> **EXERCISE DETAILS**
From the first line to the last, copy the data exactly and drop the pictures.

> **INFORMATION PROVIDED**
========================================================================

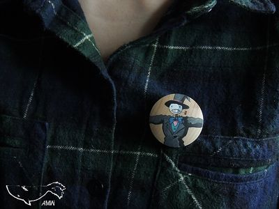 Брошь. роспись темперными красками по дереву. диаметр: 4 см
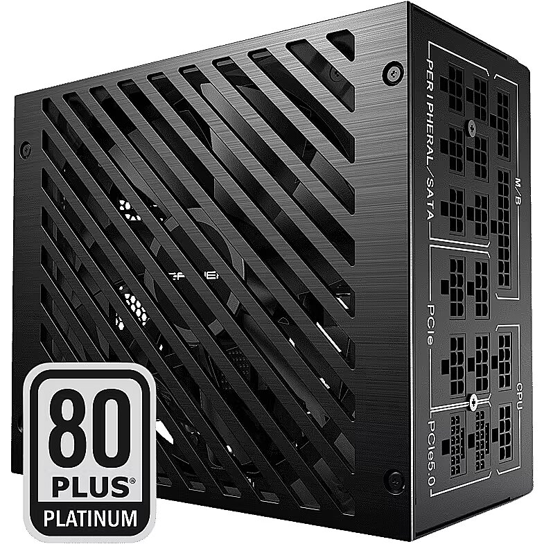 The power supply has been awarded the 80 PLUS Platinum energy efficiency certificate, which ensures at least 92% efficiency at 50% load. This indicates that at least 92 W out of 100 W of power that the power supply receives from the power grid is delivered to the computer components, while the remaining 8 W is lost as heat.
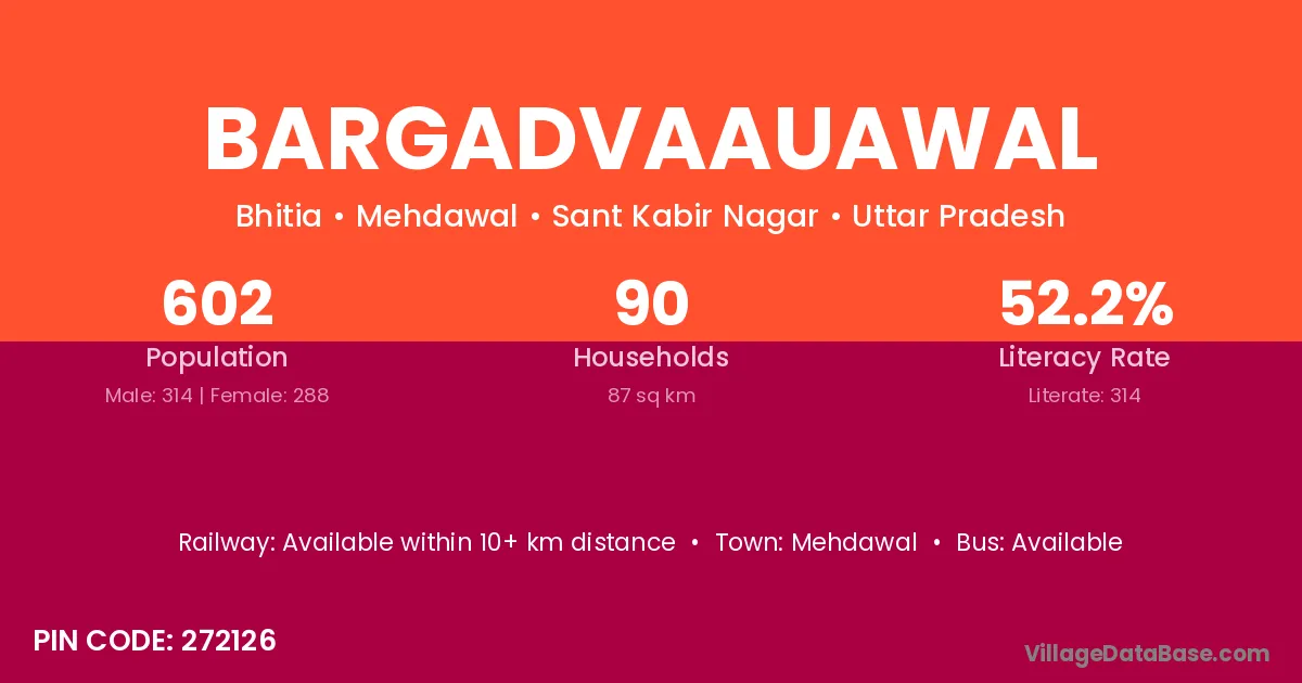 Bargadvaauawal village has a total population of 602 people, of which 314 are males and 288 are females.

========================================================================

> **RESULT**
 Брошь. роспись темперными красками по дереву. диаметр: 4 см
 The power supply has been awarded the 80 PLUS Platinum energy efficiency certificate, which ensures at least 92% efficiency at 50% load. This indicates that at least 92 W out of 100 W of power that the power supply receives from the power grid is delivered to the computer components, while the remaining 8 W is lost as heat.
 Bargadvaauawal village has a total population of 602 people, of which 314 are males and 288 are females.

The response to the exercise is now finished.